Problem to work on
Write out the lines of the material below exactly, beginning at the line with "Fresquísimo pescado bañado" and stopping after the line with "Vi dyrker f.eks.", and leave out the pictures.
BEGIN Given data
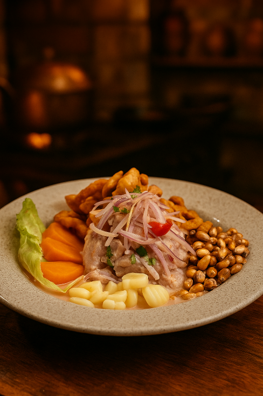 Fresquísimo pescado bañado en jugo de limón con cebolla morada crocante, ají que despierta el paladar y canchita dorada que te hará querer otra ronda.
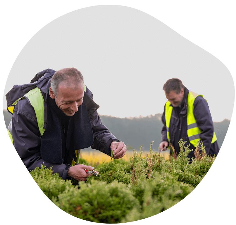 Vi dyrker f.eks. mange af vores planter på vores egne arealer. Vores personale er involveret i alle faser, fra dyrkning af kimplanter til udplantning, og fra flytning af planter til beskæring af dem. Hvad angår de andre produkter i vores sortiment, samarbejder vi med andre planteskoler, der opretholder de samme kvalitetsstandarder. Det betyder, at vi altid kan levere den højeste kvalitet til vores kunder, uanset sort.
END Given data
BEGIN Given data
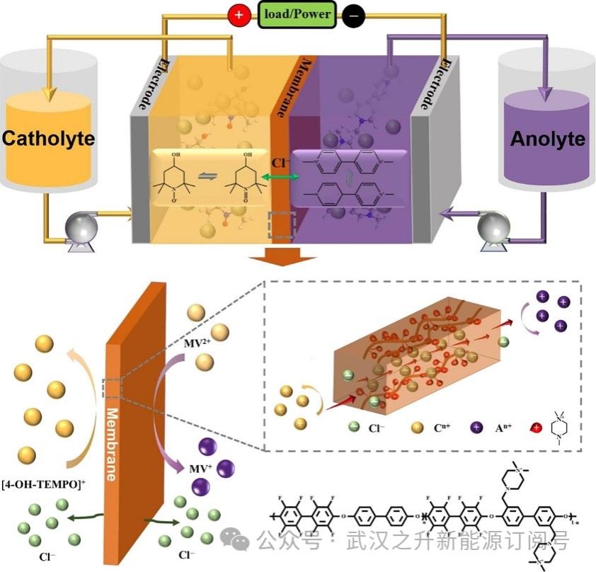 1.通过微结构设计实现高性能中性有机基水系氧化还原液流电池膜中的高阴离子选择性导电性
END Given data
BEGIN Given data
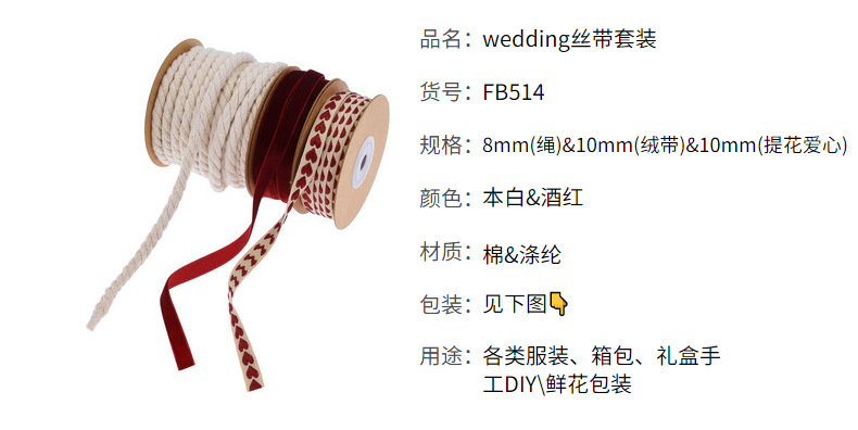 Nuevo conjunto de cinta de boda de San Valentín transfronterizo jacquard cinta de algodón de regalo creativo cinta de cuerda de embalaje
END Given data
Solution for this task
 Fresquísimo pescado bañado en jugo de limón con cebolla morada crocante, ají que despierta el paladar y canchita dorada que te hará querer otra ronda.
 Vi dyrker f.eks. mange af vores planter på vores egne arealer. Vores personale er involveret i alle faser, fra dyrkning af kimplanter til udplantning, og fra flytning af planter til beskæring af dem. Hvad angår de andre produkter i vores sortiment, samarbejder vi med andre planteskoler, der opretholder de samme kvalitetsstandarder. Det betyder, at vi altid kan levere den højeste kvalitet til vores kunder, uanset sort.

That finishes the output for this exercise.